Easy to print, but very difficult to write down in order to decrypt it.

So, getting a QR code out of this is, perhaps, easier.

Anyway, I guess I am asking primarily because I want to see if anyone has a good way to backup a Bitcoin Core wallet on a physical medium (paper ideally).

[Forsyth Jones]

Easy to print, but very difficult to write down in order to decrypt it.

So, getting a QR code out of this is, perhaps, easier.

Anyway, I guess I am asking primarily because I want to see if anyone has a good way to backup a Bitcoin Core wallet on a physical medium (paper ideally).

If you prefer paper backups (encrypted with a QR Code), the easiest and most secure way for you is to import a wallet with an existing recovery seed (created outside of Bitcoin Core, obviously) via descriptors, extracting the BIP32 root key (which is what I did in my case).

But even so, you might prefer to encrypt the descriptors extracted from Core using gpg/aes, and then convert them into a Qr Code format. It would be an interesting experiment to follow.

I'll tell you what I would do in my case:

*Let's assume I created a native wallet in Core. I'll encrypt it with my password/passphrase before transferring funds, obviously. For me, just backing up the wallet.dat file is enough, but to prevent snoopers from accessing my wallet.dat and seeing the balance and transactions but not being able to spend, I'll add additional encryption, perhaps using gpg or aes, or perhaps something simpler like moving the file to a Veracrypt container or (even easier) to a KeePass database file.

This would make a great topic (about additional encryption in the core).

*Of course, I would do the entire procedure in an offline air-gapped environment, the same for any of the encryption methods mentioned.

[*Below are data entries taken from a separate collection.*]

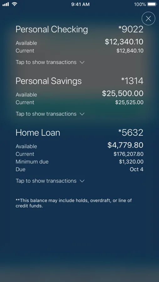 - Check your latest account balances and search recent transactions.
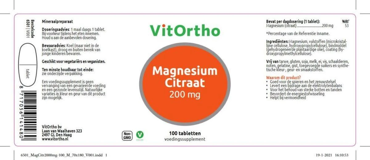 Magnesium Citraat Tabletten 200 mg van Vitortho bevat een hoge dosering magnesium in een goed opneembare en organische vorm. Magnesium betrokken bij heel veel processen in ons lichaam. Magnesium helpt onder andere mee met het behoud van sterkte botten en tanden en is goed voor de spieren.
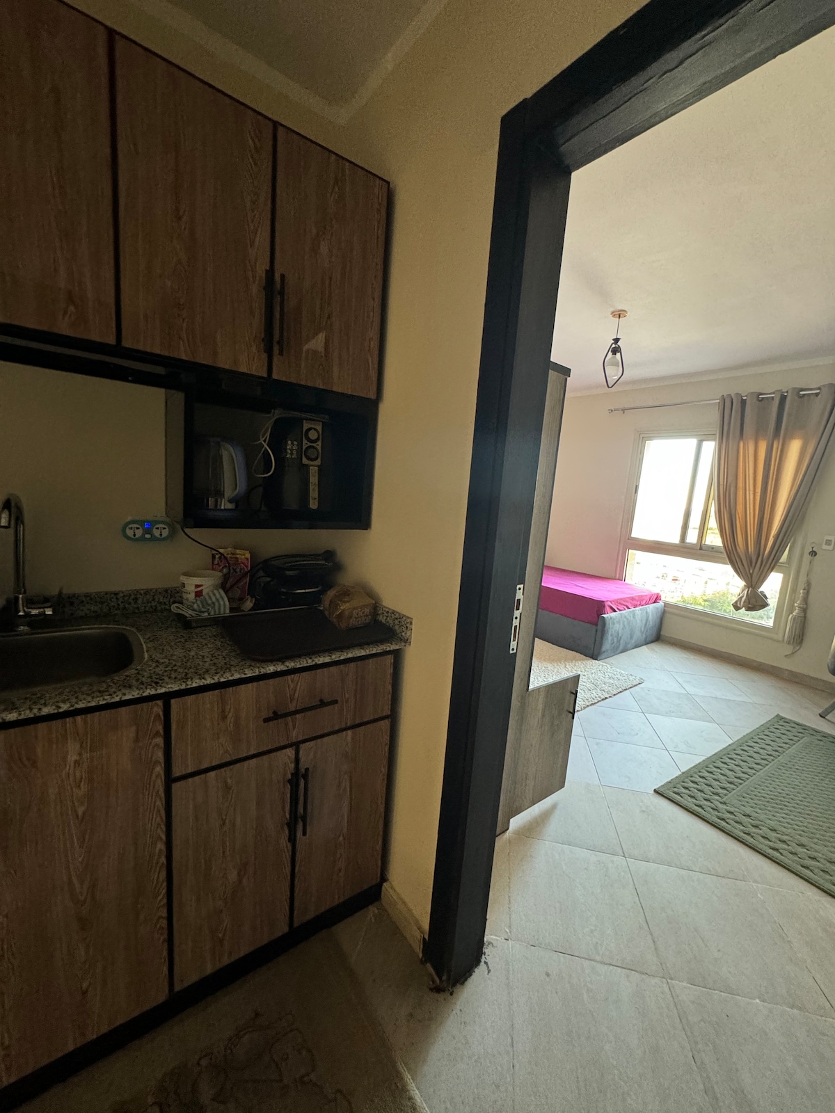 Localização: Aqua View (parque aquático Akoya) antes da marina 10 minutos de carro -2 Quartos - Cozinha-1 banheiro-Balacony (vista para a piscina) - Acesso ao mar (Ahlam Resort) Vista para o mar 2 minutos de carro 100EGP por pessoa
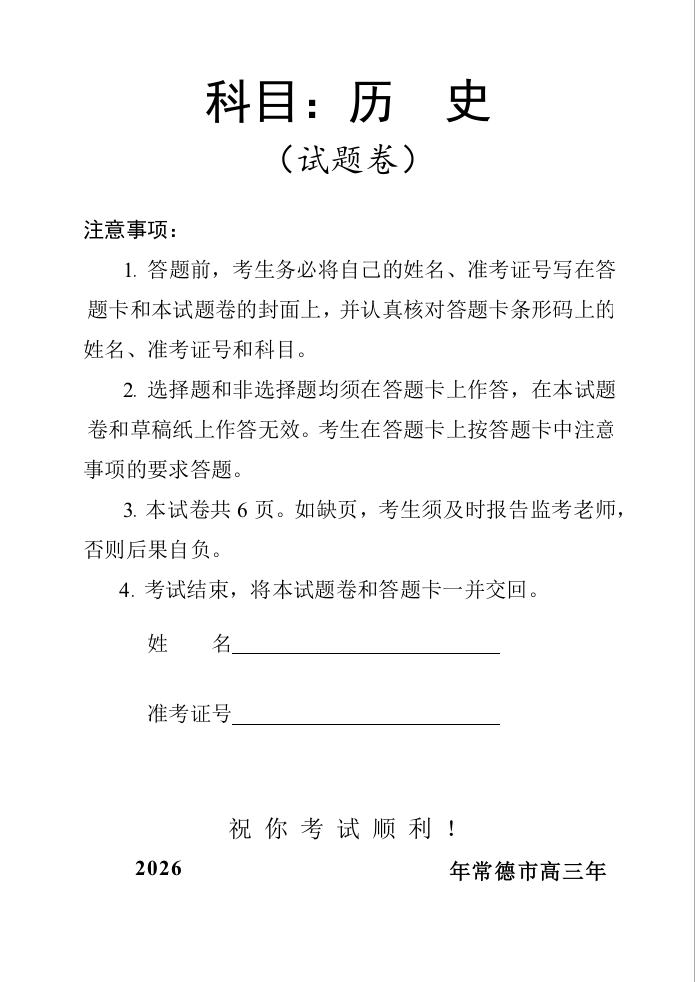 高三历史--湖南省常德市2026届高三下学期3月模拟考
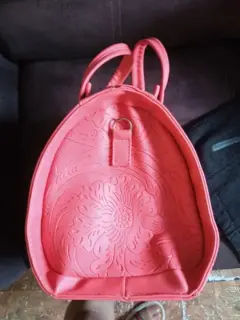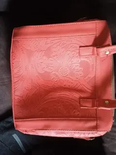Precioso bolso de mano color salmón, nueva, muy amplia, con hermoso diseño de grabado en el frente.
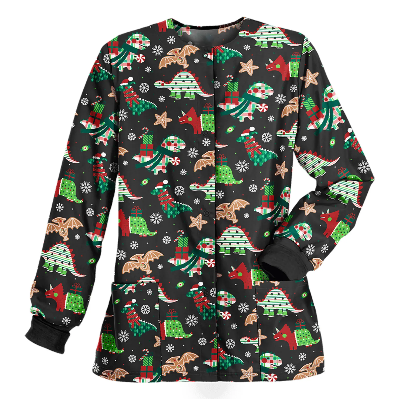 Women Long Sleeve Cardigan Tops Working Uniform Christmas Thanksgiving Blouse

I wouldn't make any physical backups, at least for now.

[apogio]

*Let's assume I created a native wallet in Core. I'll encrypt it with my password/passphrase before transferring funds, obviously. For me, just backing up the wallet.dat file is enough, but to prevent snoopers from accessing my wallet.dat and seeing the balance and transactions but not being able to spend, I'll add additional encryption, perhaps using gpg or aes, or perhaps something simpler like moving the file to a Veracrypt container or (even easier) to a KeePass database file.

So what I am trying to achieve is to have a physican backup of a core wallet, but being encrypted I am putting this emoji because it looks like nobody has done it, or hasn't seen this thread yet.

Your approach looks like what I currently do, more or less and it's a common method. To be honest, encrypting the wallet.dat and the disc where it lies with another password is more than enough. It doesn't need extra gpg encryption on the file itself.